Nel romanzo avete riportato che l’ipotesi di questi prestiti circolava già all’indomani della morte del Papa, eppure il processo di beatificazione è andato avanti. Insomma la circostanza è stata smentita.
MONALDI e SORTI: Questa tesi è stata molto dibattuta nei secoli e ha trovato smentite. Chi ha modo di leggere le pagine in appendice al nostro libro capirà che tali smentite non sono poi così convincenti. In ogni caso i documenti che abbiamo trovato non sono mai stati esaminati nel corso del processo di beatificazione.

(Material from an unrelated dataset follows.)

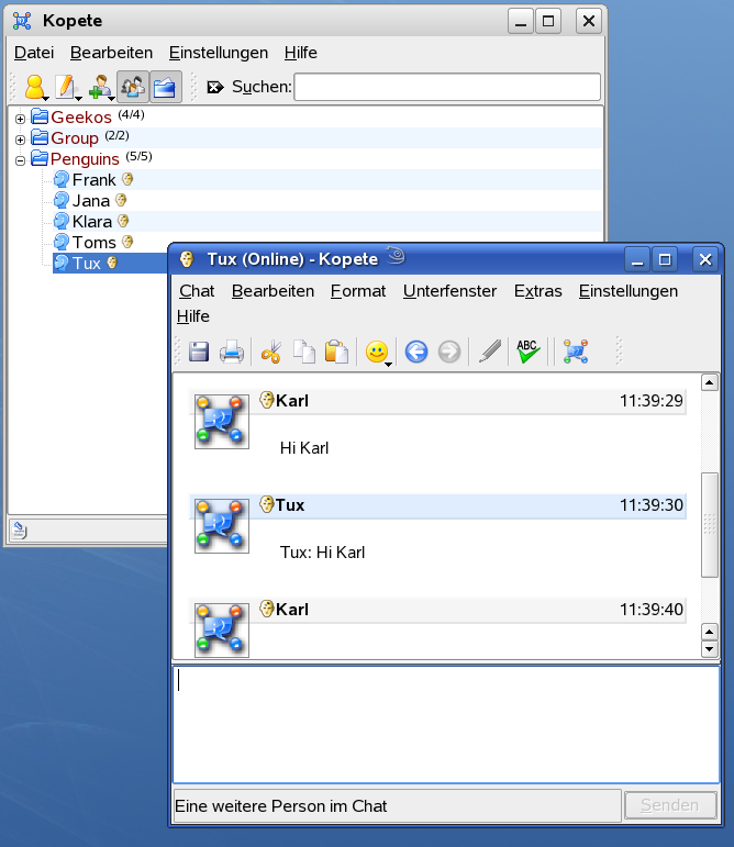 Kopete ist eine Online-Messenger-Anwendung, mit der mehrer Personen über das Internet miteinander chatten können. Kopete unterstützt derzeit alle bekannten Messenger-Protokolle, wie AOL* Instant Messenger (AIM), Gadu-Gadu, GroupWise® Messenger, ICQ, Jabber*, MSN, SMS und Yahoo!*. Um Instant Messaging (IM) verwenden zu können, müssen Sie sich beim einem Provider von IM-Diensten registrieren und ein Kopete-Konto konfigurieren.

Avete sottoposto la vostra scoperta a degli storici?
MONALDI e SORTI: Sì, ma ancora non abbiamo avuto risposte. Comunque teniamo a dire che il nostro libro è e resta un romanzo. Se avessimo voluto scrivere di storia avremmo scritto un saggio. Nel nostro lavoro ci siamo imbattuti in questa documentazione: agli storici il compito di fare chiarezza. Teniamo a specificare anche che Imprimatur non vuole assolutamente avere una valenza anticlericale o anticattolica. Riteniamo che la Chiesa sa fare i conti con il suo passato: se ciò che abbiamo trovato corrisponde al vero, non resterà nascosto.